Menurut pandangan saya pribadi solusi untuk masalah ini adalah:  
  1. Jika mau dijalankan, Yang melakukan sertifikasi adalah lembaga/oOrmas  yang mengurus bidang ini misal kalau Islam mungkin NU, Muhammadiyah atau MUI kalau untuk Agama Kristen PGI dan sebagainya  
  2. Sertifikasi penceramah harus ada reward and punishment yang jelas jika ingin sukses , misal bagi yang bersertifikat ada tunjangan 1 juta perbulan bagi penceramah, bagi yang belum bersertifkasi di lakukan bimbingan sampai dapat sertifikasi. 
  3. Sebelum program digulirkan ada musyawarah minimal pihak kementerian agama, MUI, lembaga keagaman agama dan FKUB dan baru disosialisasikan secara bertahap agar tidak terjadi miskomunikasi , disinformasi apalagi HOAX.
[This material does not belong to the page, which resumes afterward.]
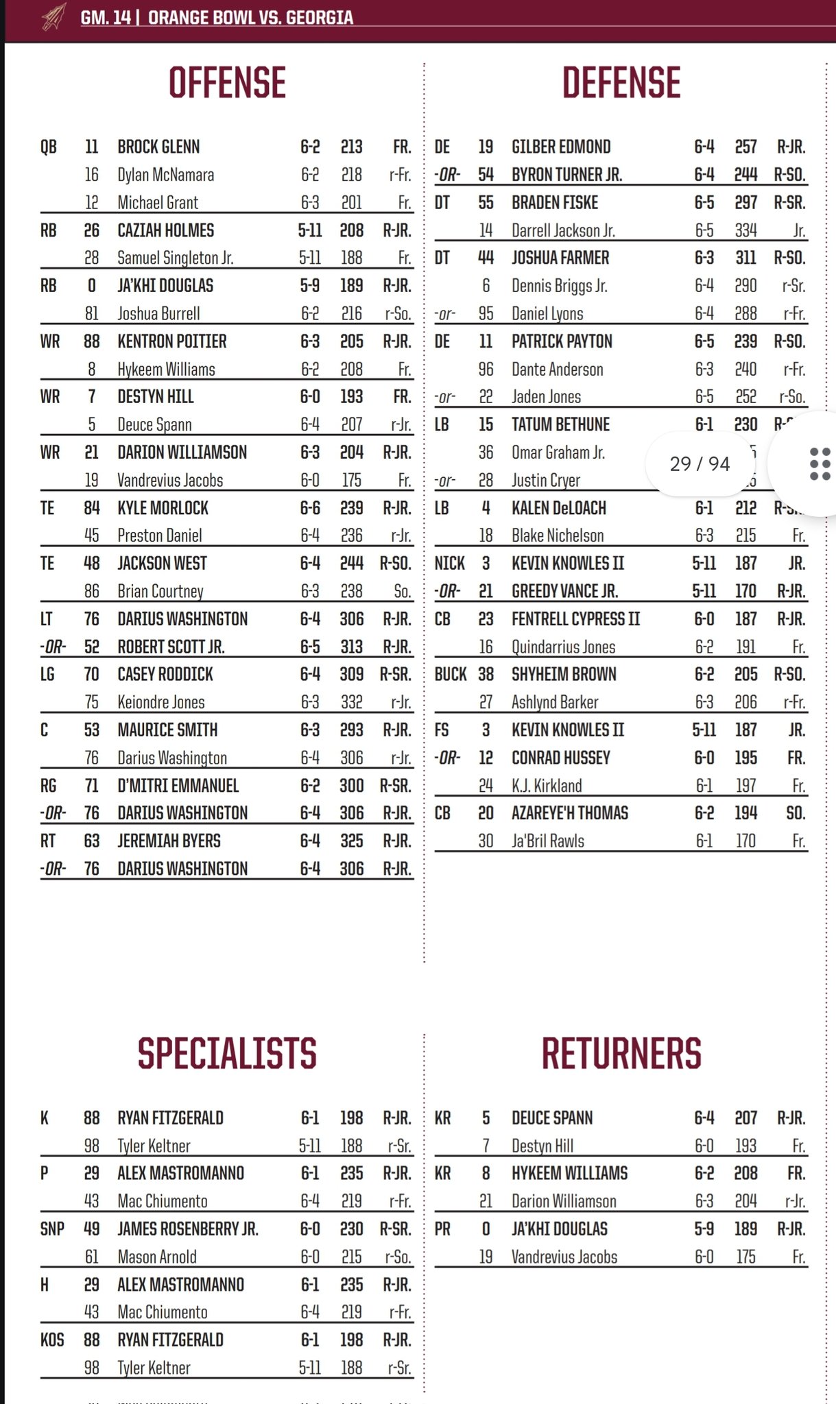 Ehsan Kassim on X: “FSU releases depth chart for Orange Bowl

  4. Menteri agama harus sadar beliau itu tidak sedang memimpin Batalyion, KODAM atau KODIM, tapi kementrian yang mengurus umat beragama seluruh indonesia, tidak serta merta perintah dan rencananya seperti garis komando. Komunikasi yang buruk atau anti kritik makin menjauhkan umat islam ke kementrian agama, yang efeknya akan menghambat semua program kerja kementerian. 
  5. Jika program ini hanya sekedar sertifikasi TANPA MANFAAT, hanya sekedar pemberian wawasan BERNKRI dan berpancasila, JADIKAN saja program ini Program INDUK dari Lemhanas dan BPIP dan kementrian agama hanya memfasilitasi saja, bukan kementerian agama sebagai motornya. 
Saya berharap kementerian agama ini kedepan makin memperbaiki komunikasi publiknya, memberikan kesempatan kepada umat islam dan umat beragama lainnya untuk memberikan masukan, usulan dan pendapat sebelum program dijadikan program kementerian  dan MENDENGAR Aspirasi umat, JIKA UMAT MENOLAK SERTIFIKASI INI, KENAPA MASIH TERUS DIPAKSAKAN?